Then, the pixel values of the selected image are adjusted with the objective of minimizing the weighting result.
For example, assuming there are M image recognition models, image x is adjustedmodifiedThis can be obtained by the following formula:
in this example, x may be usedselectedX is initialized. By the implementation mode, the protected image sample corresponding to the target sample can be generated under the scene that the model structure used by the target user is unknown.
In some optional implementations, the method for protecting privacy information of an image sample set may further include the following:
first, a plurality of selected images are determined for a target image, and a plurality of adjustment images are generated.

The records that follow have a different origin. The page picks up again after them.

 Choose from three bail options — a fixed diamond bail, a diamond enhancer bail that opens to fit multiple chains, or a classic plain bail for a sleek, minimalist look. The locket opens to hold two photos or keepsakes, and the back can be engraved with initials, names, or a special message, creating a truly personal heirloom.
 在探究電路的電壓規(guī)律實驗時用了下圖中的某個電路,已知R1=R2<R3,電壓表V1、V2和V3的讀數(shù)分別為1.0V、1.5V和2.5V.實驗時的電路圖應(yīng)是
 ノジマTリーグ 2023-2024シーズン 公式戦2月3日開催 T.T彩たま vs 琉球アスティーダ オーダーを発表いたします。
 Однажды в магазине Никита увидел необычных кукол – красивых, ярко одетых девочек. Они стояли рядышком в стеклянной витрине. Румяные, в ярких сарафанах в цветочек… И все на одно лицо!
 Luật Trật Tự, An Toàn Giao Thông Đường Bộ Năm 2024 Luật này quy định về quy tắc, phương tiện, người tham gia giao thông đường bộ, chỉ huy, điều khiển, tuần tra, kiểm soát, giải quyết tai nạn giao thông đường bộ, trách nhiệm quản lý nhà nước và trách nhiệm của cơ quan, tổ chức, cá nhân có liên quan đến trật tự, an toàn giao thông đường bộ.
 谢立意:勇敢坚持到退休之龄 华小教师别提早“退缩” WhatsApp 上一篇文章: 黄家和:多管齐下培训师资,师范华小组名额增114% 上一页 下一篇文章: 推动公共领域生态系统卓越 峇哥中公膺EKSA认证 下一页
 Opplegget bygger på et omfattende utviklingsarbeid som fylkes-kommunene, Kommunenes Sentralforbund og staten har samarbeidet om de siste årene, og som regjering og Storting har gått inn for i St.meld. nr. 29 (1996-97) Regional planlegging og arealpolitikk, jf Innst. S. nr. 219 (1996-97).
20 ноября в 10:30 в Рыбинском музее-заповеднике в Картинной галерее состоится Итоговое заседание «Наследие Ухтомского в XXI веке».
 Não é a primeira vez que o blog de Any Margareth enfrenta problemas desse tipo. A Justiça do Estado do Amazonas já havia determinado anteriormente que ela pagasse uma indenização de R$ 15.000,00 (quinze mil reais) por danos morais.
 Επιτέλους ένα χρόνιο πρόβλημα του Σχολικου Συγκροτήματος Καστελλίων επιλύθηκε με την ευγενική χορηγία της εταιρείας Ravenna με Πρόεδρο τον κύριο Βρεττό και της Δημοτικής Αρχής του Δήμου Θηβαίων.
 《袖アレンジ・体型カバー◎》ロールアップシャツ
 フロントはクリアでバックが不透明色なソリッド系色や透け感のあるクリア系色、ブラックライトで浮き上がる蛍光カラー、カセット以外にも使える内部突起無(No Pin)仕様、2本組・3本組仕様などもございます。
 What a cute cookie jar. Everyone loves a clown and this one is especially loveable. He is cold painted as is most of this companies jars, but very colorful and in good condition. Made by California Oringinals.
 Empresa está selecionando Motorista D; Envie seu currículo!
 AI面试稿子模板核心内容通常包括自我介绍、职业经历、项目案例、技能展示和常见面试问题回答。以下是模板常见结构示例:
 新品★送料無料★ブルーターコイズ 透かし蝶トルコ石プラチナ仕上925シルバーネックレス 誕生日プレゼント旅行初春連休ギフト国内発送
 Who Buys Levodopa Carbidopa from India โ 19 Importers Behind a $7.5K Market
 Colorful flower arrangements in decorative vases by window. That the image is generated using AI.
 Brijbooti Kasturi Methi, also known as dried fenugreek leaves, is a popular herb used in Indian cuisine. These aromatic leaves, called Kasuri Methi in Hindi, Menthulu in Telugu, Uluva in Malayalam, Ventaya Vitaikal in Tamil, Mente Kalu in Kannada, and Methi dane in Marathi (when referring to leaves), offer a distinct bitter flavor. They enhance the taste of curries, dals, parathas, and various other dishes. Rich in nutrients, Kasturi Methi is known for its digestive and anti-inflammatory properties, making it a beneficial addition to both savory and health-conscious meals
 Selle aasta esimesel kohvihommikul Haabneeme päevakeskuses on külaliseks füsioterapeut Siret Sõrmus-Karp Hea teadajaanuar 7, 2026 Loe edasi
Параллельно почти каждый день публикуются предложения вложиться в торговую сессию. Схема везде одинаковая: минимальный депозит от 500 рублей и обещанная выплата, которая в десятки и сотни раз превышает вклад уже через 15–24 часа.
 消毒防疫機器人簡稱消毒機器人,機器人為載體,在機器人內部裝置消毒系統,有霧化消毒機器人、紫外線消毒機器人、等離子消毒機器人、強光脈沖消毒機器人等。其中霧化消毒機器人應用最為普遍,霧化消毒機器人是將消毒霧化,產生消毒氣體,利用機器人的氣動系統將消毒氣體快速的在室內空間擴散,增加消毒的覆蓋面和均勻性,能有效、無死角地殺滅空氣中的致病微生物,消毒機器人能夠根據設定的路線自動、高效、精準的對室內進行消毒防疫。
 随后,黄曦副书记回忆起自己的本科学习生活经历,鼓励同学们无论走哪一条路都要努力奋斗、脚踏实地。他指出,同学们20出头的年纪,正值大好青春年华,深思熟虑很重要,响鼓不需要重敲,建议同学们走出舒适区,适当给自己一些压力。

In this implementation, for the same target image, multiple selected images may be selected, and step 203 may be repeated multiple times, so as to generate multiple adjustment images.
Then, the labels of the multiple adjusted images are set as target labels, so that multiple protected image samples are obtained.
In this implementation, multiple protected image samples may be generated for the same target image. For example, as shown in fig. 5, fig. 5 is a schematic diagram illustrating the effect of generating multiple protected image samples for the same target image. In the example of an object image shown in fig. 5, the target image 501 shows a ship and the target label is "ship" as seen by human eyes, 3 adjustment images corresponding to the generated 3 protected image samples respectively show a cat, a head α and a horse, and the labels of the 3 adjustment images are the target label "ship". In the example of another face image shown in fig. 5, the target image 502 shows a man's face and the target label is "1133" from the viewpoint of human vision, and the 3 adjustment images corresponding to the generated 3 protected image samples show another man's face, a boy's face and a girl's face, respectively, and the labels of the 3 adjustment images are the target labels "1133".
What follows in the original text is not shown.